CLR cover

Regularities

The powers of a word $x$ are defined by $x^0=\mv$ and $x^i=x^{i-1}x$ for a positive integer $i$. The $k$th power of $x$ is $x^k$. It is a square if $k$ is a positive even integer and a cube if $k$ is a positive multiple of $3$.

The next lemma states a first consequence of the Periodicity lemma.

Lemma 2

For words $x$ and $y$, $xy=yx$ if and only if $x$ and $y$ are (integer) powers of the same word. The same conclusion holds when there exist two positive integers $k$ and $\ell$ for which $x^k=y^{\ell}$.

The proofs of the two parts of the lemma are essentially the same (in fact the conclusion derives from a more general statement on codes). For example, if $xy=yx$, both $x$ and $y$ are borders of the word and both $|x|$ and $|y|$ are periods of it, and then $\gcd(|x|,|y|)$ as well by the Periodicity lemma. Since $\gcd(|x|,|y|)$ divides also $|xy|$, the conclusion follows. The converse implication is straightforward.

The non-empty word $x$ is said to be primitive if it is not the power of any other word. That is to say, $x$ is primitive if $x=u^k$, for a word $u$ and a positive integer $k$, implies $k=1$ and then $u=x$.

It follows from Lemma 2 that a non-empty word has exactly one primitive word it is a power of. When $x=u^k$ and $u$ is primitive, $u$ is called the primitive root of $x$ and $k$ is its exponent, denoted by $\exp(x)$. More generally, the exponent of $x$ is the quantity $\exp(x)=|x|/\per(x)$, which is not necessarily an integer, and the word is said to be periodic if its exponent is at least $2$.

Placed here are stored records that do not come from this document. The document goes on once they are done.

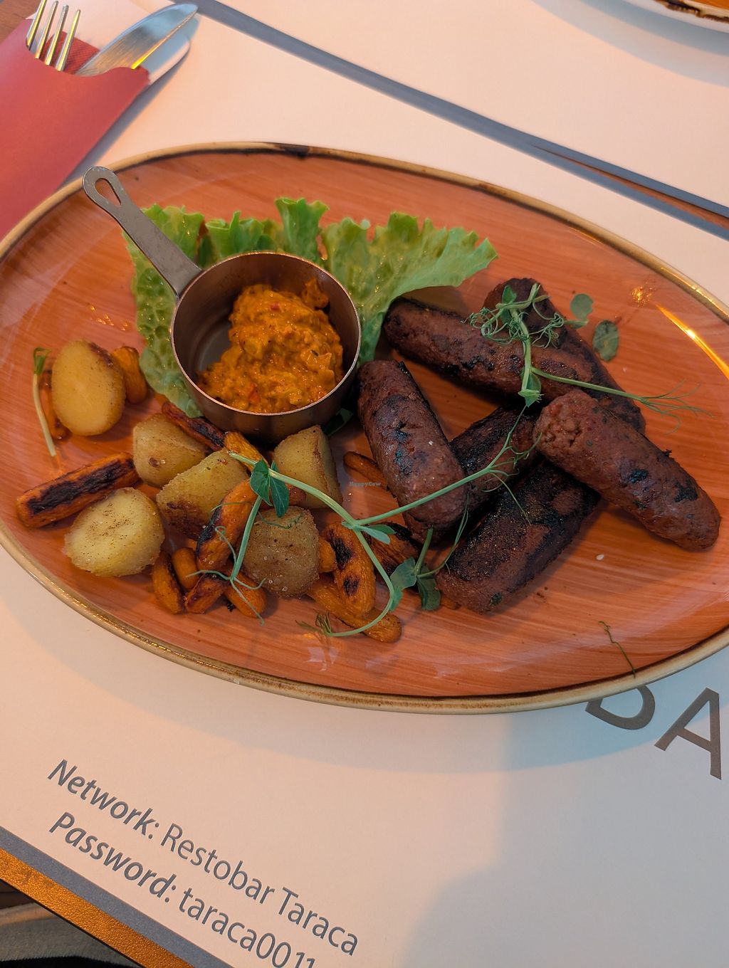 Vegan cevapi with avjar and roasted vegetables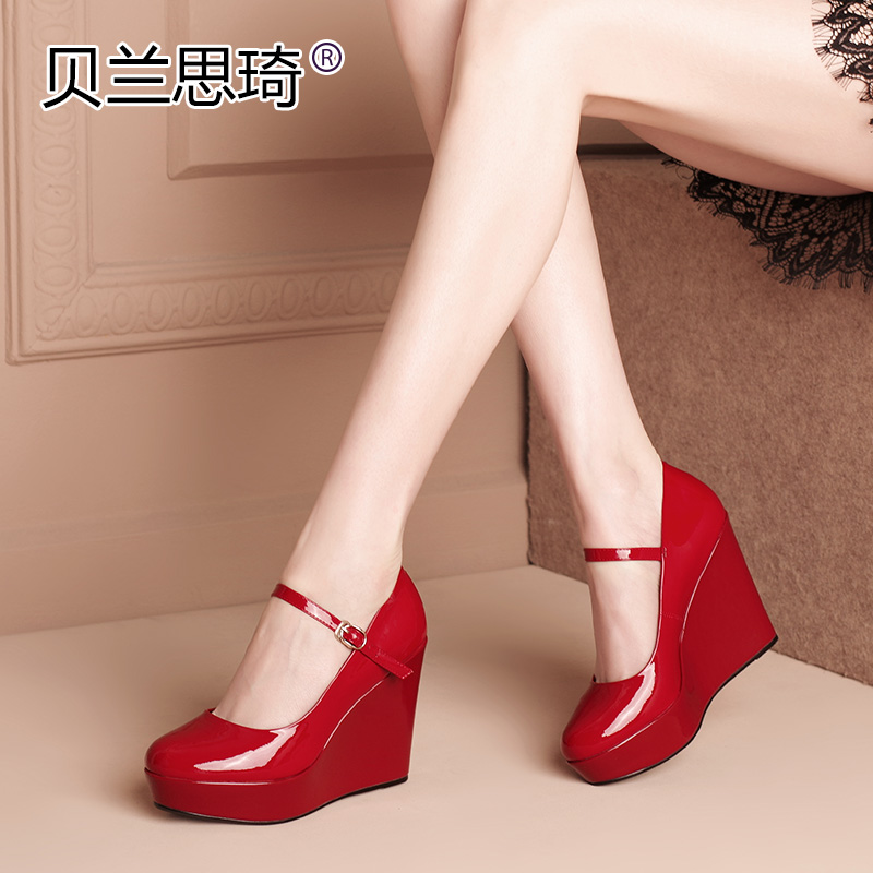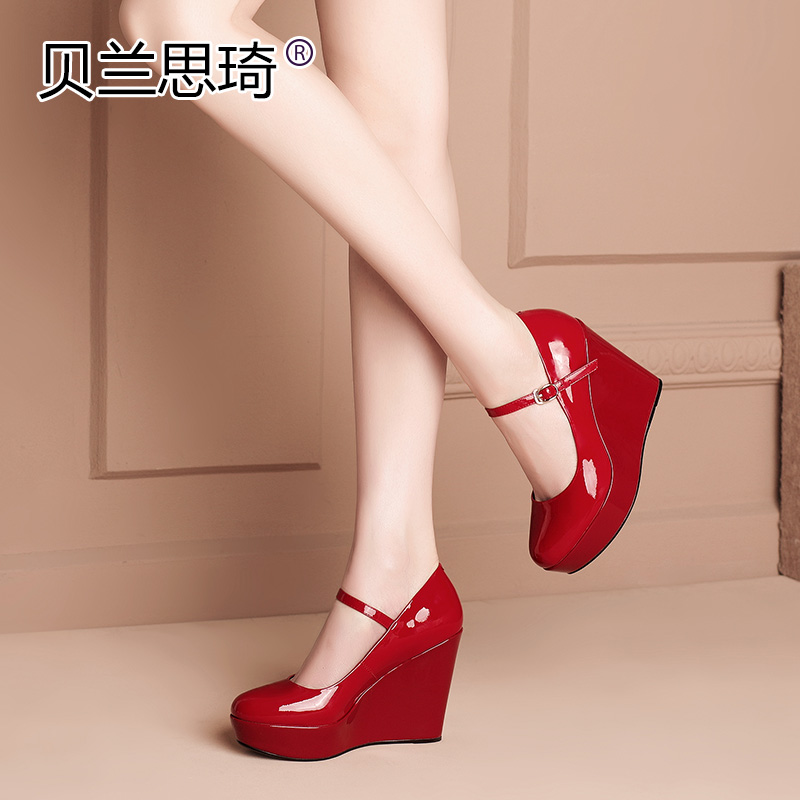 真皮一字带厚底坡跟单鞋女圆头春季新款红色漆皮防水台高跟鞋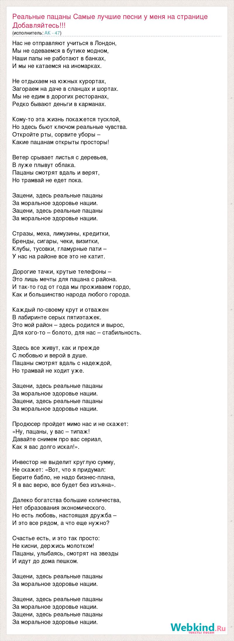 Нас не отправляют учиться в Лондон, Мы не одеваемся в бутике модном, Наши папы не работают в банках, И мы не катаемся на иномарках. Не отдыхаем на южных курортах, Загораем на даче в сланцах и шортах. Мы не едим в дорогих ресторанах, Редко бывают деньги в карманах. Кому-то эта жизнь покажется тусклой, Но здесь бьют ключом реальные чувства. Откройте рты, сорвите уборы – Какие пацанам открыты просторы! Ветер срывает листья с деревьев, В луже плывут облака. Пацаны смотрят вдаль и верят, Но трамвай не едет пока. Зацени, здесь реальные пацаны За моральное здоровье нации. Зацени, здесь реальные пацаны За моральное здоровье нации. Стразы, меха, лимузины, кредитки, Бренды, сигары, чеки, визитки, Клубы, тусовки, гламурные пати – У нас на районе все это не катит. Дорогие тачки, крутые телефоны – Это лишь мечты для пацана с района. И так-то год от года мы проживаем гордо, Как и большинство народа любого города. Каждый по-своему крут и отважен В лабиринте серых пятиэтажек. Это мой район – здесь родился и вырос, Для кого-то – болото, для нас – стабильность. Здесь все живут, как и прежде С любовью и верой в душе. Пацаны смотрят вдаль с надеждой, Но трамвай не ходит уже. Зацени, здесь реальные пацаны За моральное здоровье нации. Зацени, здесь реальные пацаны За моральное здоровье нации. Продюсер пройдет мимо нас и не скажет: «Ну, пацаны, у вас – типаж! Давайте снимем про вас сериал, Как я вас долго искал!». Инвестор не выделит круглую сумму, Не скажет: «Вот, что я придумал: Берите бабло, не надо бизнес-плана, Я в вас верю, все будет без изъяна». Далеко богатства большие количества, Нет образования экономического. Но есть любовь, настоящая дружба – И это все рядом, а что еще нужно? Счастье есть, и это так просто: Не кисни, держись молотком! Пацаны, улыбаясь, смотрят на звезды И идут до дома пешком. Зацени, здесь реальные пацаны За моральное здоровье нации. Зацени, здесь реальные пацаны За моральное здоровье нации. Зацени, здесь реальные пацаны За моральное здоровье нации.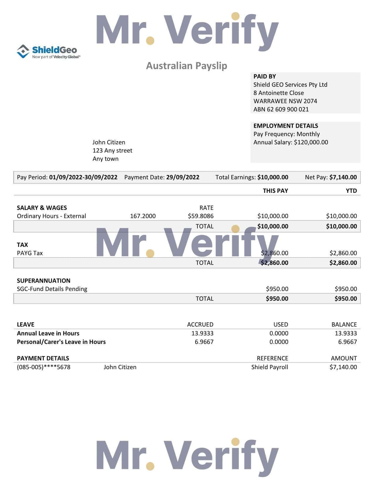 Australia Shield Geo consulting company pay stub Word and PDF template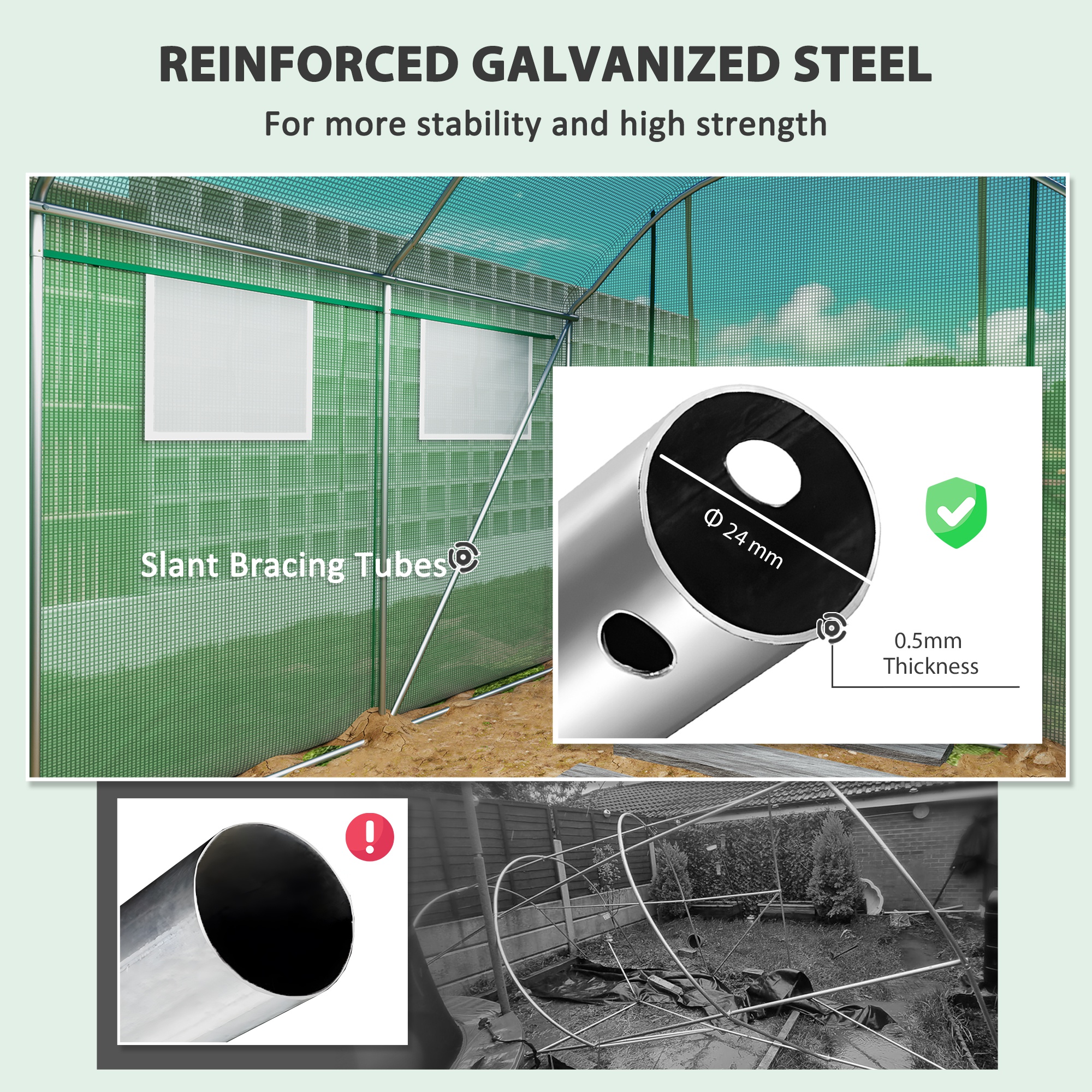 - Material: 140 gsm PE, Galvanised Steel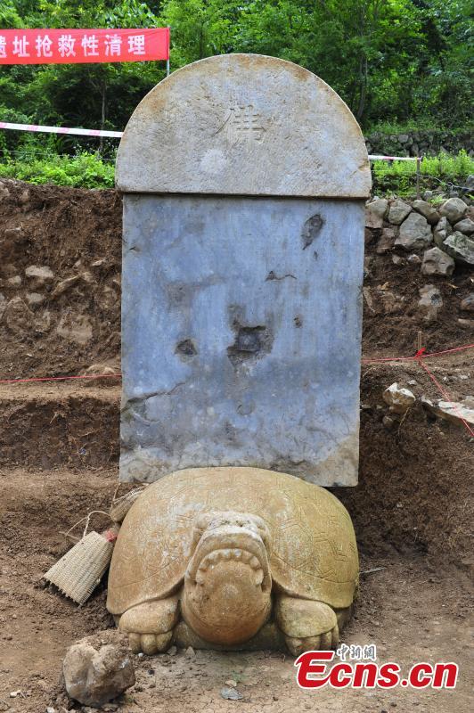 | A relic of the Ming Dynasty (1368-1644) is found at a village in Yuan’an county, Central China’s Hubei province, July 10, 2015. A stone tortoise was found first when construction work was taking place, and archeological workers later discovered a Buddhist pagoda. (Photo: China News Service/Wang Kangming) |

Note the number of conjugates of a word, the size of its conjugacy class, is the length of its (primitive) root.

Another consequence of the Periodicity lemma follows.

Lemma 2 (Primitivity lemma, Synchronisation lemma)

A non-empty word $x$ is primitive if and only if it is a factor of its square only as a prefix and as a suffix, or equivalently if and only if $\per(x^2)=|x|$.

The notion of run or maximal periodicity encompasses several types of regularities occurring in words. A run in the word $x$ is a maximal occurrence of a periodic factor. To say it more formally, it is an interval $[i\dd j]$ of positions on $x$ for which $\exp(x[i\dd j])\geq 2$ and both $x[i-1\dd j]$ and $x[i\dd j+1]$ have periods larger than that of $x[i\dd j]$ when they exist. In this situation, since the occurrence is identified by $i$ and $j$, we also say abusively that $x[i\dd j]$ is a run.

Another type of regularity consists in the appearance of reverse factors or of palindromes in words. The reverse or mirror image of the word $x$ is the word $x^\mathrm{R} = x[|x|-1] x[|x|-2]\cdots x[0]$. Associated with this operation is the notion of palindrome: a word $x$ for which $x^\mathrm{R}=x$.